I turn to Amendments 18 and 19. Once an area has been designated, it will be a brave Secretary of State who gives priority to its dedesignation. It is important to acknowledge the freedom of travellers, including adventurous ones, to go to places that are still at least moderately dangerous, but one can imagine how aversion to risk might in practice be given priority.
For that reason, in Committee I tabled an amendment that would have provided for annual review. It was a little more elaborate than Amendment 17 but with the same aim in mind. Although that way of doing it did not find favour with the Government, I welcome the sunset provision in Amendment 18, as well as the Minister’s words regarding the rigour of the review that will take place under new Section 58C(4).
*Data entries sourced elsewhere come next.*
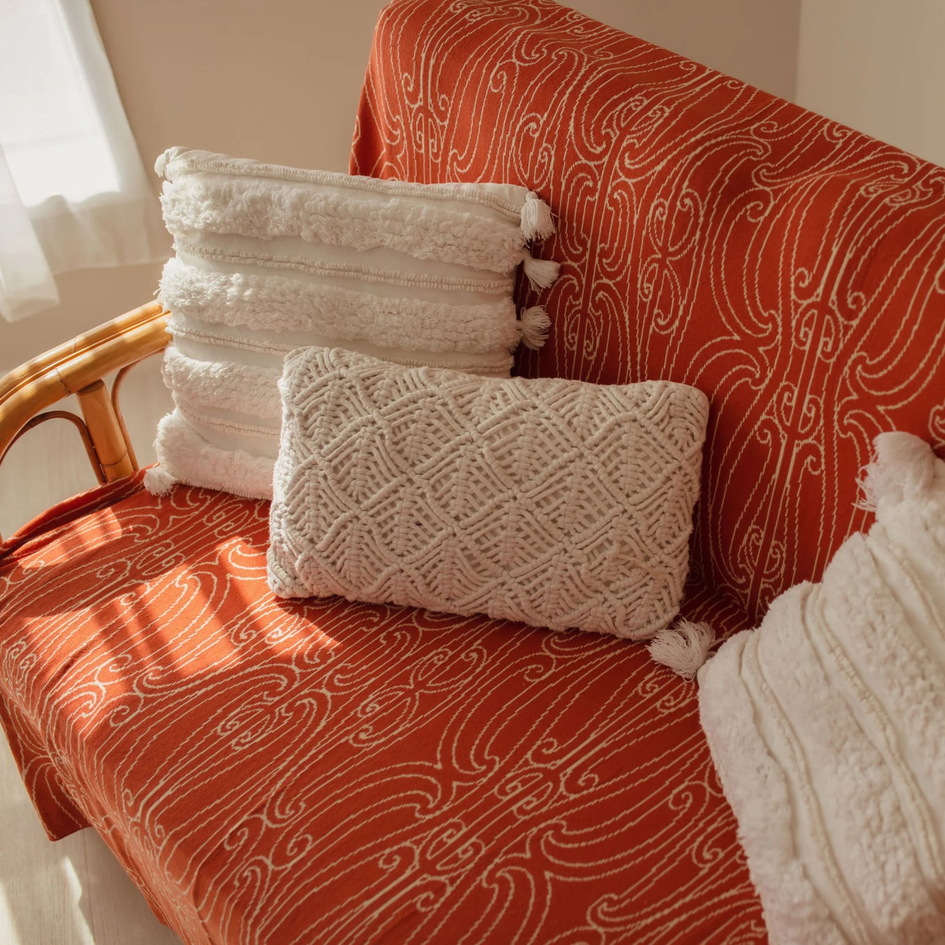 Finely woven 100% Organic Cotton Paraikete (blanket). Cotton fibres breathe naturally.
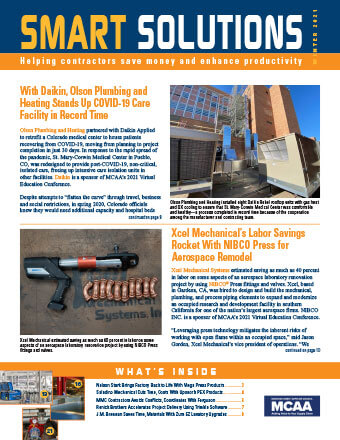 Xcel Mechanical Systems estimated saving as much as 40 percent in labor on some aspects of an aerospace laboratory renovation project by using NIBCO® Press fittings and valves. Xcel, based in Gardena, CA, was hired to design and build the mechanical, plumbing, and process piping elements to expand and modernize an occupied research and development facility in southern California for one of the nation’s largest aerospace firms. NIBCO INC. is a sponsor of MCAA’s 2021 Virtual Education Conference.
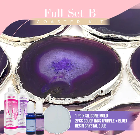 Full Set B – 2pcs Color Inks (Purple + Blue) + Mold + Resin Crystal Glue or
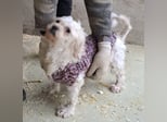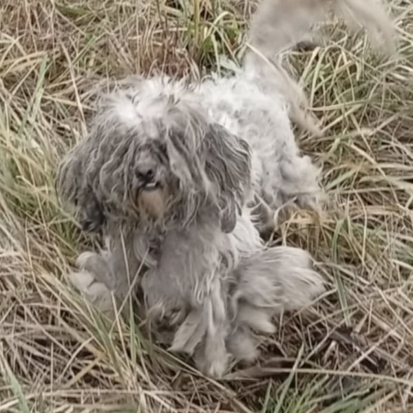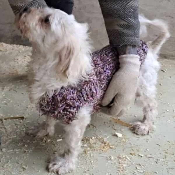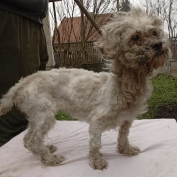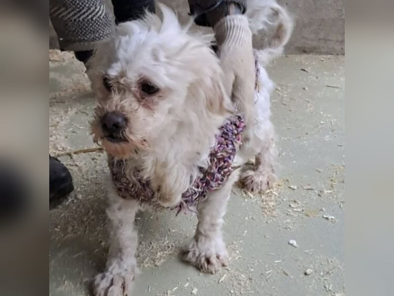 Die kleine Bichon-Mix Hündin Susse wurde in einem fürchterlichen Zustand zwischen zwei Dörfern gefunden.
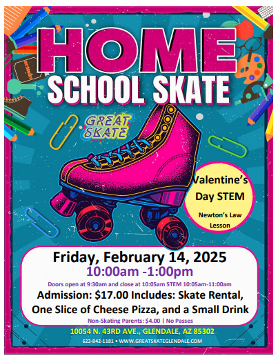 🌟 Homeschool Valentine’s Day STEM Skate! ❤️🛼 📅 Date: Friday, February 14 ⏰ Time: 10 AM - 1 PM (Doors open at 9:30 AM, close at 10:05 AM) 📍 Where: […]
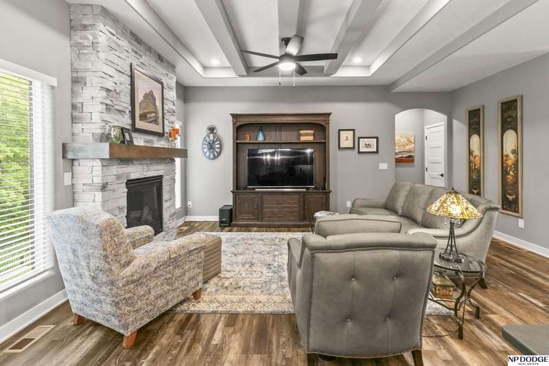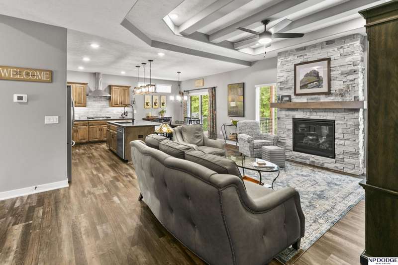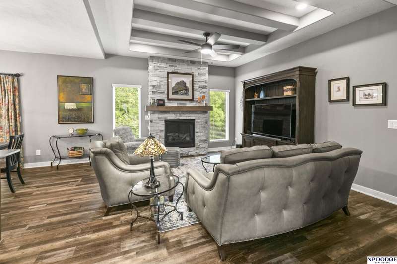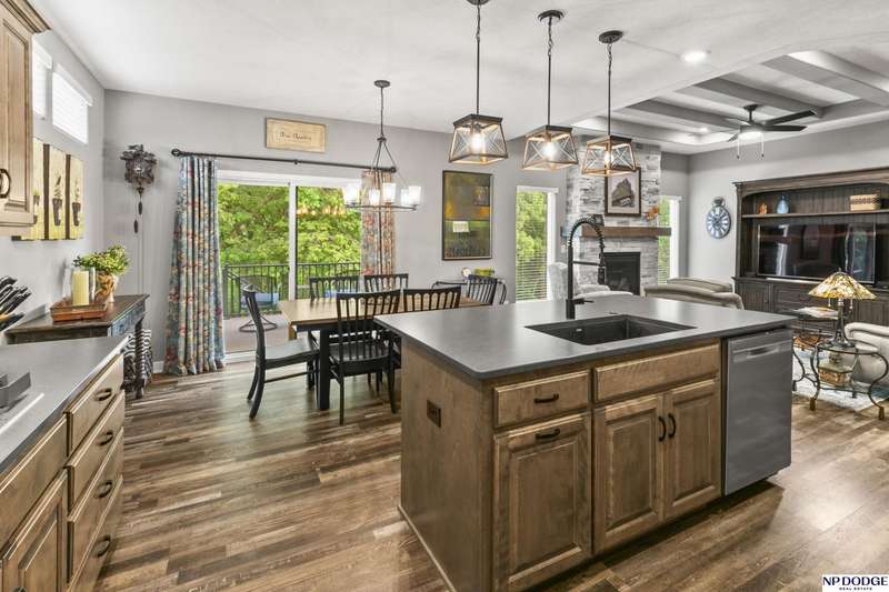 This is a stunning free standing villa built with love & all the upgrades! Backing to trees with great outdoor space. Open floorplan with a stone to ceiling fireplace, walk in pantry, primary suite is spacious w/walk-in closet & 3/4 bath, large 2nd bedroom, main bathroom w/soaking tub & laundry room rounds out the main floor. Lower level is finished with a generous family room, bathroom, 3rd bedroom & storage. If you are looking for easy living this is it! Since this a free standing villa mowing and snow removal (after 2'' of snow) $425 a quarter. Some of the upgrades-Black steel fencing, custom holiday lighting, leaf guards, extended patio, maintenance free decking, garage fully insulated, custom window coverings, upgraded flooring, soft close kitchen drawers.
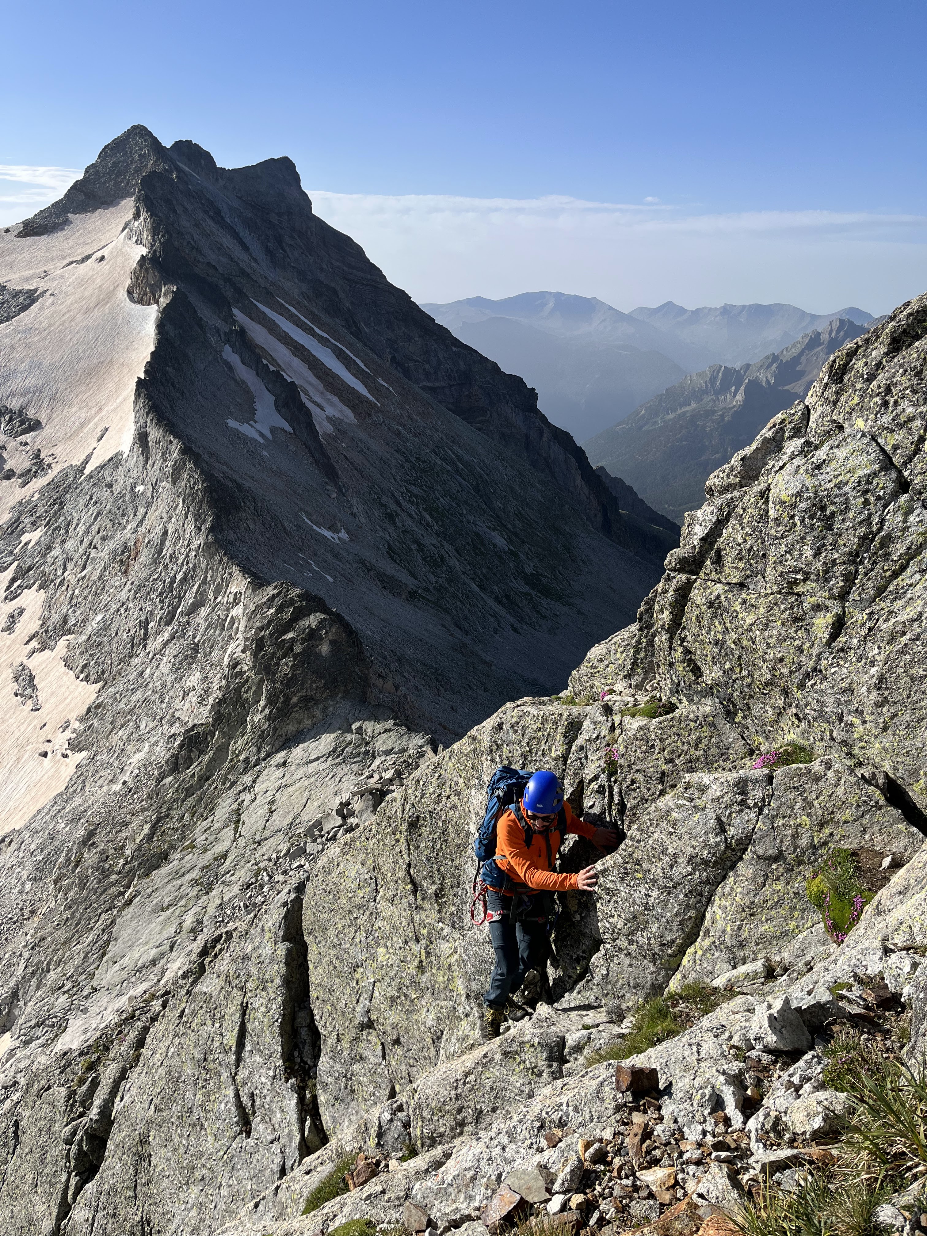 La roca sigue agarrando perfectamente, la exposición impone respeto y una vez en la cresta hay que hacer alguna fácil acrobacia, pero no pasa nada, ya estamos casi en la estrecha y escénica cumbre del Jean Arlaud.
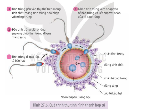 – Nhân tinh trùng xâm nhập vào tế bào trứng và kết hợp với nhân của tế bào trứng.
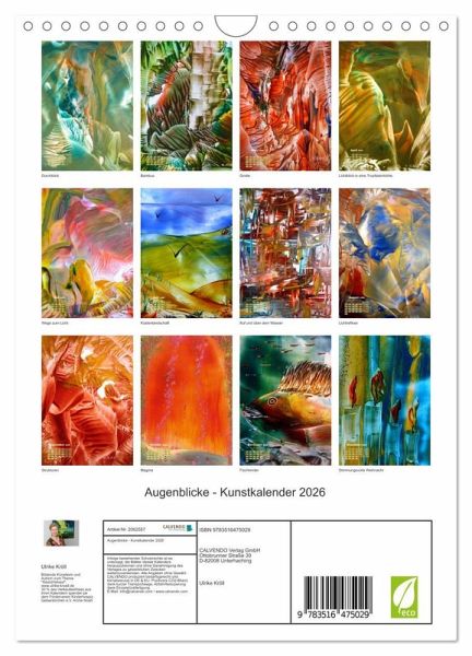 QUALITÄT - Hochwertiger Fotokalender mit 12 wunderschönen Motiven auf lichtbeständigem Bilderdruckpapier, robuste Spiralbindung mit Aufhängebügel.NACHHALTIG - deutliche Abfallreduzierung durch bedarfsgerechte Einzelstückfertigung, umweltfreundliches FSC-zertifiziertes Papier, Produktion in Deutschland, klimabewusste Logistik.PERFEKTES GESCHENK - Kalender für Freunde und Familie, für Kinder und Erwachsene, jung und alt, zu Weihnachten, Geburtstag oder zwischendurch.VIELFALT - Bildkalender in verschiedenen Formaten, z.B. DIN A5, DIN A4, DIN A3 sowie DIN A2. Ob Naturmotiv, Gemälde oder Fotos, ideal für ein persönliches Wohlfühlambiente.Erfreuen Sie sich das ganze Jahr über an dezent farbenfrohen Motiven ... von Autor(in): Ulrike Kröll
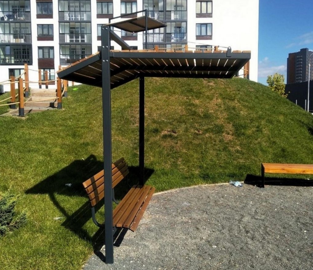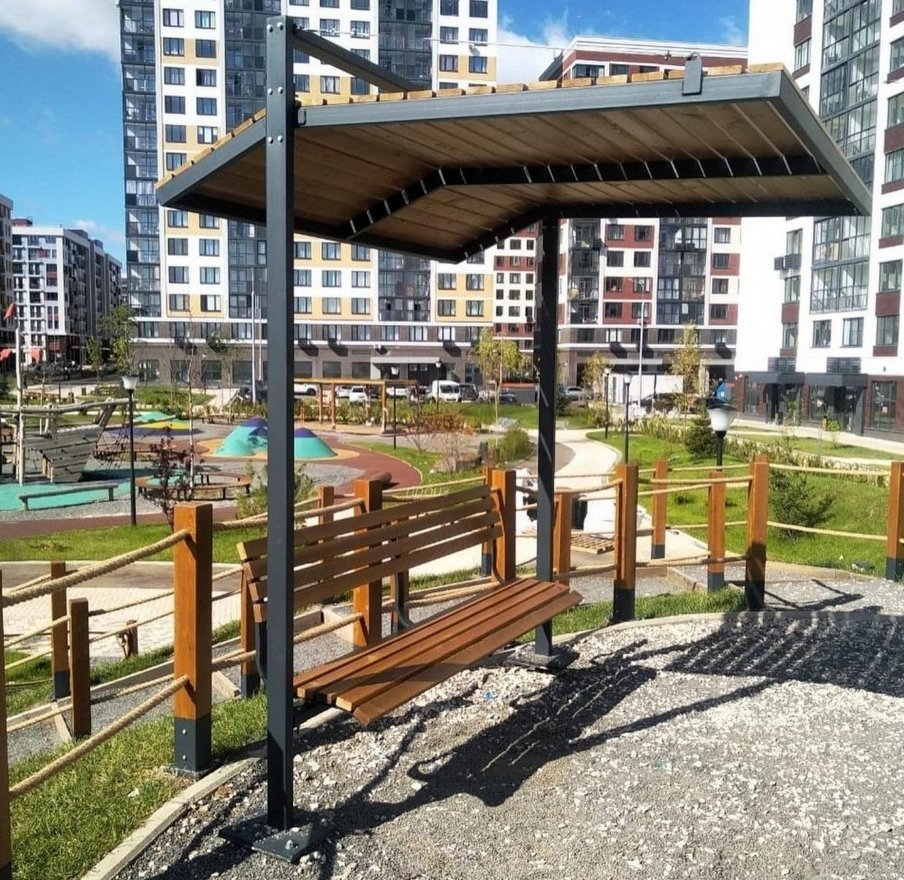 Сиденье и спинка: Брус из хвойных пород древесины. Покрытие - атмосферостойкая лессирующая акриловая пропитка с лаком.

My reservation, which I have expressed in Amendment 19, is that three years seems too long to wait for the sunset.
It is hard to believe that annual review would be unduly onerous, as the experience of Australia and Denmark has been that very few areas are designated and as one would hope that, if the Government were doing their job, the degree or risk attached to those areas at any given moment would be well known. However, Amendment 19 goes for the very moderate option, as I hope your Lordships will see it, of two years.
I am sure that the Minister will respond that the provision is modelled on the Australian criminal code, which provides at Section 119.3(4) for a three-year sunset. However, the Australian law has other protections that are not present in Clause 4: a ban on designating an entire country; an express duty on the Minister to revoke a designation if he ceases to be satisfied that a listed terrorist organisation is engaging in hostile activity there; and provision for Australia’s Parliamentary Joint Committee on Intelligence and Security—the equivalent of the Intelligence and Security Committee of this Parliament—to conduct its own review of declarations.
Therefore, I invite the Minster, whether today or subsequently, to look kindly on what I venture to call an improvement to the welcome Amendment 18.